Leur dire que mes chagrins sont moins lourds quand je pense à eux. Et que le souvenir des moments passés sont comme des étoiles qui brillent dans mes nuits.
Puisque leur dire simplement que je les aime est si peu. Tellement peu. Qu’il me semble mieux de les aimer sans perdre ce qui nous reste de temps à leur dire.
Je t’embrasse.
A.
Comment by Armando — 26 octobre 2024 @ 10:03
Enfant, je trompais ma solitude dans les mots de Stevenson ou de Twain. Mon monde était si petit et je rêvais de l’île au Trésor ou du Mississippi où il serait doux d’être libre et intrépide.
Et j’entendais mon père me dire que je ne servais à rien.
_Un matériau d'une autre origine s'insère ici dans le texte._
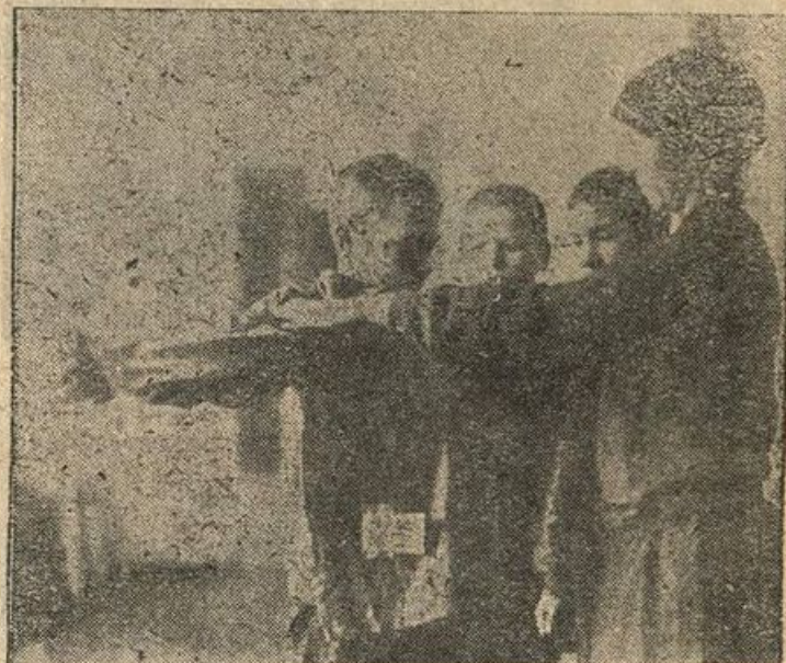
Школа им. Ленина. Ученики снабжаются промтоварами

В противовес этому мы рекомендуем руководствоваться инструктивно-методическим письмом о планировании работы в школе, разработанным Крайоно при участии курсантов краевых курсов лекторов.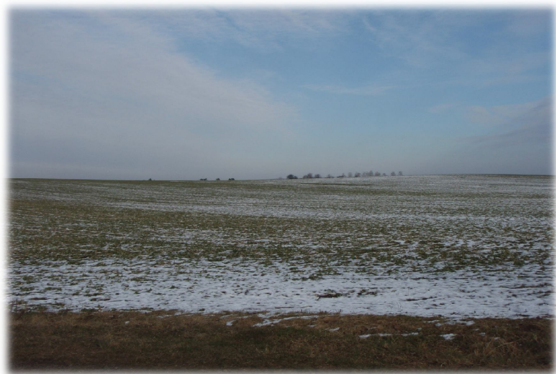
(6) Křížení 1 s komunikací III. třídy – pohled na východ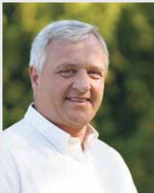
Bürgermeister Rainer Viehof

Rêveur, ce n’était pas un métier.
Enfant, je m’en allais au centre de la terre et je suivais Lidenbrock, dans l’ombre de ses pas. Sans bruit. Et je revenais de temps en temps pour entendre mon père crier que je ne serais jamais rien.
Enfant, j’aimais déjà Kipling et je parlais aux serpents comme mon ami Mowgli ou je m’en allais dans le froid de l’Alaska, avec mon compagnon Buck et on vivait des heures heureuses, pleines d’amitié et d’aventures, comme un appel de la forêt.
Et mon père me regardait en se demandant ce qu’il allait pouvoir faire de moi, qui n’étais qu’un bon à rien.
Et j’ai lu bien d’autres choses. Un conte de deux cités et Le Nom de la rose; Le vieil homme et la mer, Les hauts de Hurlevent et L’étranger. Il m’est même arrivé, et je l’avoue sans aucune honte, à l’âge des grands mystères, de m’attarder sur Histoire d’O, L’amant de Lady Chatterley ou encore dans les mots sans détour d’Anaïs Nin.
Le temps a passé depuis. Les nuits mangent les heures jusqu’aux nouveaux matins. De Uguay a d’Ormesson, de Nelligan a Munro. Juste des histoires et quelques rêves. La solitude s’évapore dans l’univers des mots.
Et dans un coin de mon passé, je l’entends encore d’une voix fatigué presque inaudible. Je murmure quelques mots en silence. Dans l’espoir qu’un jour ou l’autre il les entende. Et se taise.